Most everyone found within the seduction community comes from the ranks of socially awkward computer (or otherwise) nerds. Many of them start off as virgins who have no idea how to talk to the opposite sex. Strauss wasn't that socially awkward initially, but admits to having some problems with the ladies. After getting his first taste of the seduction community, he gets sucked in until it reaches a full blown obsession. It seems that the first thing that someone has to do when entering the pickup community is to get a silly nickname, and Strauss chooses 'Style'. He starts to learn from many of the masters and eventually settles in with Mystery. He then proceeds to start teaching pickup seminars with Mystery and becomes his main wingman. These seminars involve them teaching a handful of young men how to interact with and pickup women. They lecture and give them notes, and then go out with the students into the 'field' and watch their interactions with women to give them further tips. This takes them all over the world (there is a pretty funny series of events that happen in Eastern Europe) and eventually settles them in as the head of the pickup community.

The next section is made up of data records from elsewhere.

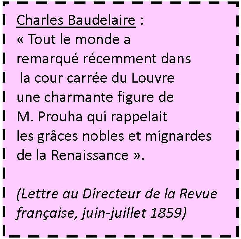 Pierre Bernard Prouha travaille jusqu’à sa mort, le 22 juillet 1888. Le Courrier de l’Art lui rend hommage dans sa rubrique nécrologique : « un des sculpteurs les plus distingués de l’école française », un artiste « merveilleusement doué, d’une intarissable invention ». Appartenant au mouvement artistique du néo-classicisme, il participa également au développement du romantisme. De son premier grand succès en 1851 (Nymphe) jusqu’à sa mort, ce sont plus de 40 œuvres de plâtre, bronze, pierre ou marbre, répertoriées, et c’est sans compter son importante contribution à la restauration du baldaquin de Sainte-Cécile d’Albi (27 statues et anges) ou encore à Notre-Dame de Tongres (2 tympans et 2 statues).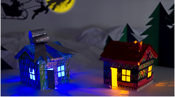 英國Bare Conductive提供的電子涂鴉導電房屋建筑套裝之鄉(xiāng)村書屋一定會讓你心動!按照內(nèi)裝的指導手冊詳細步驟,結(jié)合自己的創(chuàng)意,組裝裝飾房子,然后發(fā)揮你理工男的認真風格(ps:只要按照說明書來做,文科生也可以做理工的事兒),繪制好電路,安裝好組件,通電后兩間溫馨的小房子就完工啦~隨著光線漸暗你的房子會開始發(fā)光!漆黑的夜晚,讓DIY發(fā)光小房子渲染出夢幻的氛圍,陪伴她安然進入夢鄉(xiāng),很有意境啊……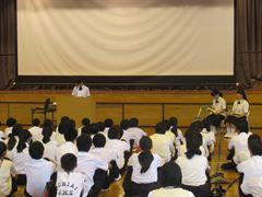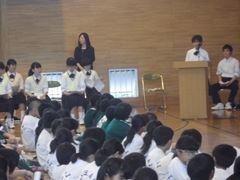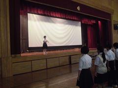 演奏でした。演奏後、部長、副部長が 「校内に遊歩道があることです」 「美人でとても優しい 先生です」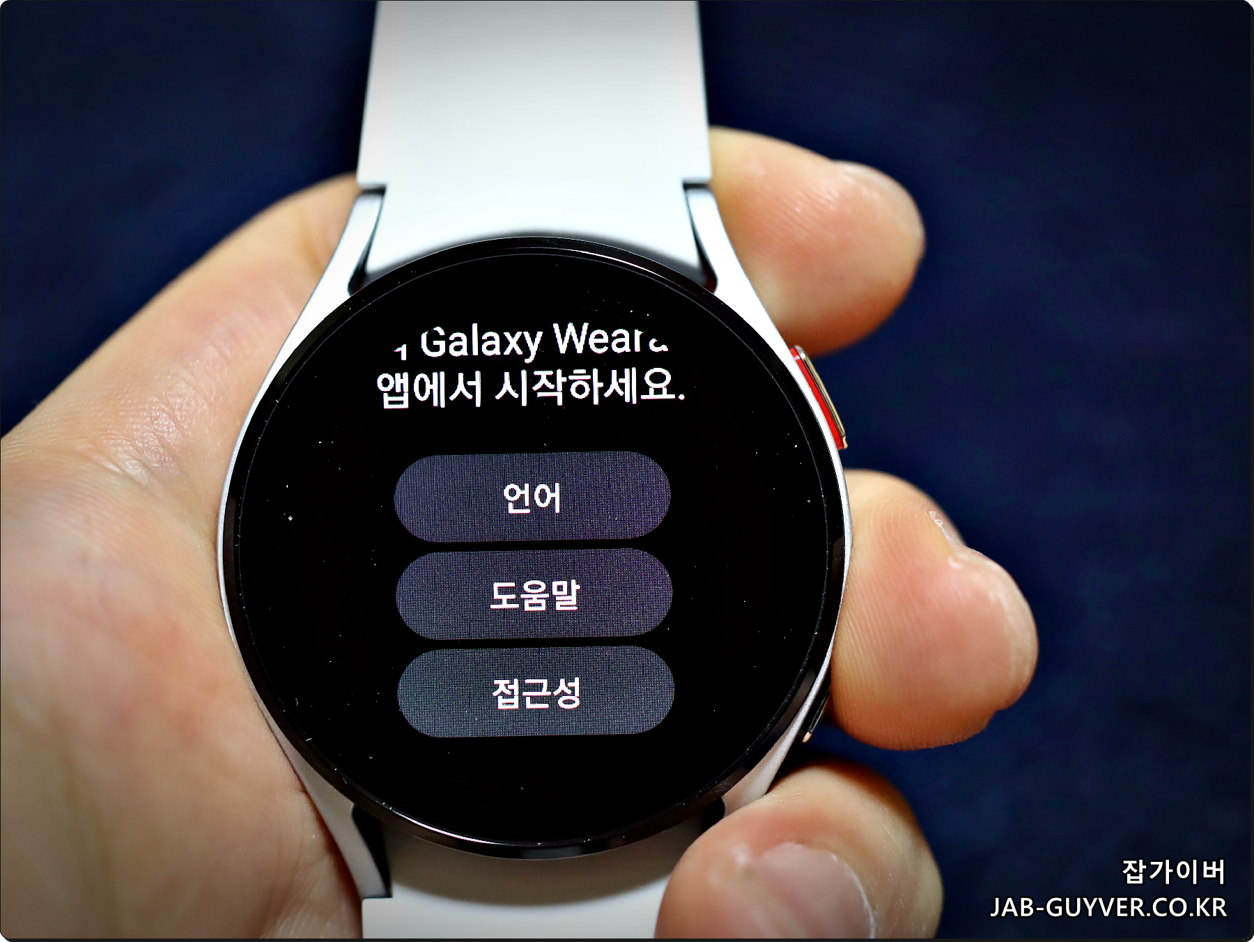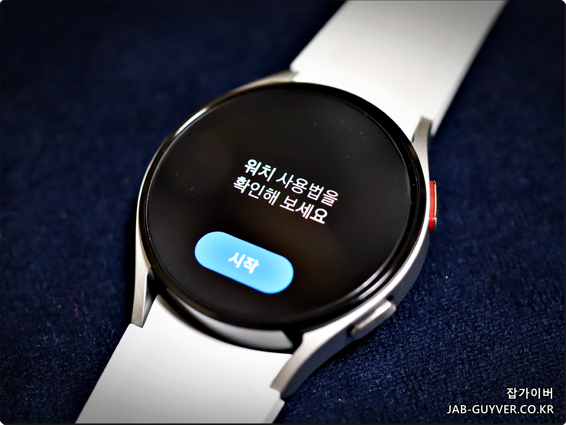 갤럭시워치4 하단 버튼을 꾸욱 눌러주면 전원이 켜지고 초기 설정이 진행됩니다.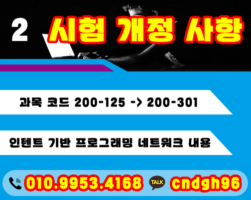 그래서 CCNA 자격증은 200-125에서 변경200-301로 되고 다른 CISCO도 대부분 변경되니 찾아보고 준비해주세요.이번 개정 후에는 최신 인텐트 기반의 프로그래밍을 이용한 네트워크망이 포함된 내용으로 바뀌었다고 하니 참고하시기 바랍니다.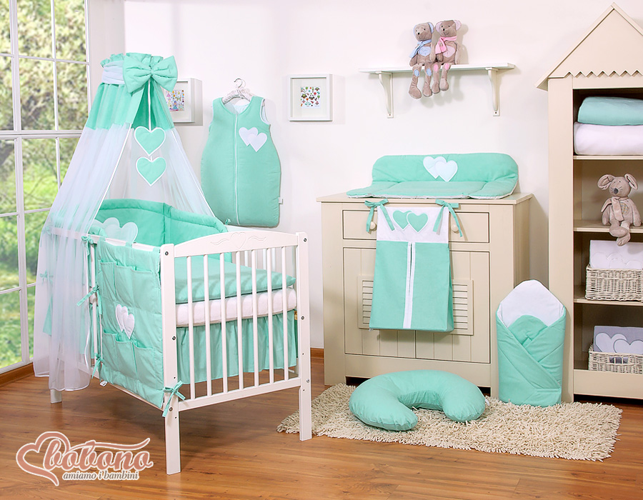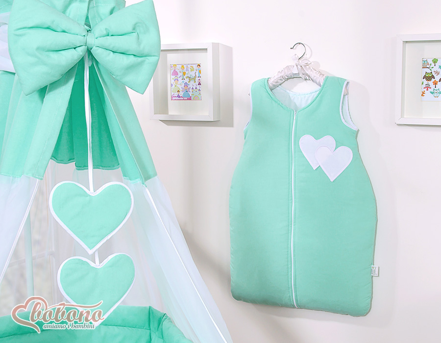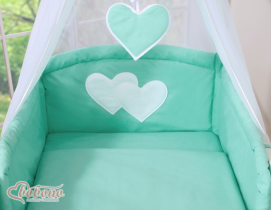 Baby Shop » Bedding sets for cots and beds » Collection HEARTS » Bedding sets for cot 120cm » Bedding set 7-pcs with canopy » Bedding set 7-pcs with canopy- Hanging Hearts mint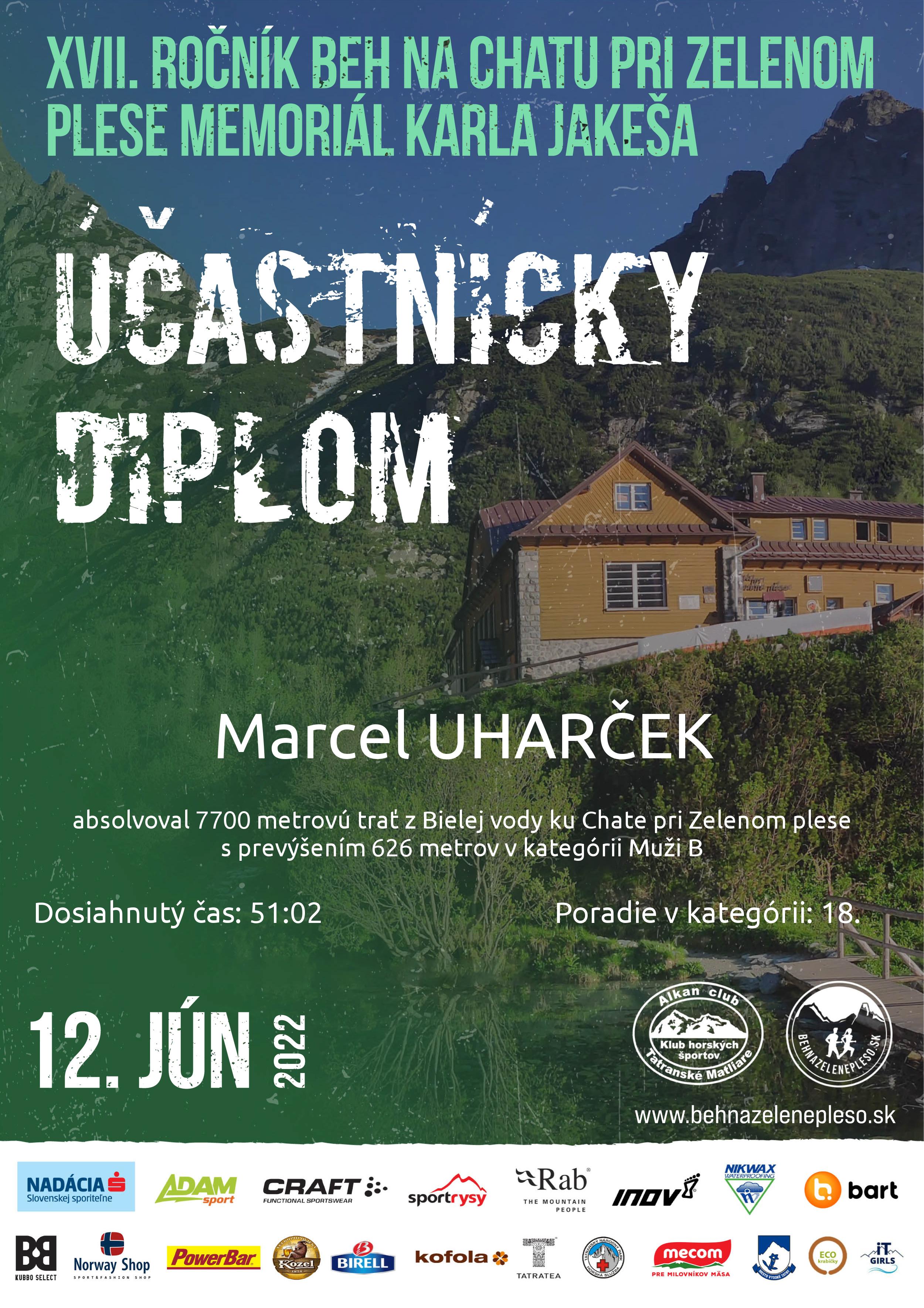 Účastnícky list pretekára UHARČEK Marcel

The techniques of the pickup community (at least the Mystery Method) focus on social manipulation of women and groups. The technique that grabs you immediately is their 'peacocking'. This involves wearing ridiculous outfits in order to stand out in a crowd (see above and below for a picture of Mystery and Style) and seems to work. Other techniques involve ignoring the 'target' (or woman of interest) in order to make her more interested in you, giving her backhanded compliments ('negs') in order to lower her apparent worth in comparison to yours, and many more sneaky techniques. The Method also develops a set of 'openers' or ridiculous lines in order to break the ice of groups. Their idea is that it really doesn't matter what you first say to someone, as long as it gets them interested in talking to you. Additionally Mystery himself uses sleight of hand magic tricks to charm women and has aspirations to be a world renown illusionist (thus his nickname).

After Style and Mystery seem to conquer the seduction world, they move into a house together with other pickup artists to make a pickup community called Project Hollywood. The group rent a large Hollywood mansion in order to organize their pickup seminars (in which they make thousands of dollars) and to have a place to party and bring girls. You can imagine what happens when a bunch of socially awkward misogynistic people get together to live under one roof. They almost immediately begin to backstab each other by stealing each others girls, pickup tricks, and just by being all around jerks.

Mystery is a complete mess throughout the book. The reason I decided to read this was because how ridiculous I think Mystery is, and was not disappointed. He has breakdown after breakdown in the book, needs various psychotic medication and has to be taken to a mental hospital multiple times. He also dates completely unstable women which doesn't help the situation. One of these girls causes the breakdown of Mystery and the entire idea of Project Hollywood by falling for one of the other guys in the house.

Because these men are socially awkward and insecure at the core, they are unable to have stable relationships after they get past the tricks and lines that get women to give them their number and on occasion into their beds. As the house falls apart Style starts to see how shallow and empty many of the men are in the community are and becomes distant from the other house mates (other than Mystery with whom he is still close). He starts to desire a real meaningful relationship, rather than a series of hookups and week long stands. After meeting and temporarily boarding Courtney Love, Strauss falls for one of her band mates. Realizing that all of his 'tricks' won't work on the confident guitarist, he acts like himself and eventually gets the girl (it should be noted that they are no longer together).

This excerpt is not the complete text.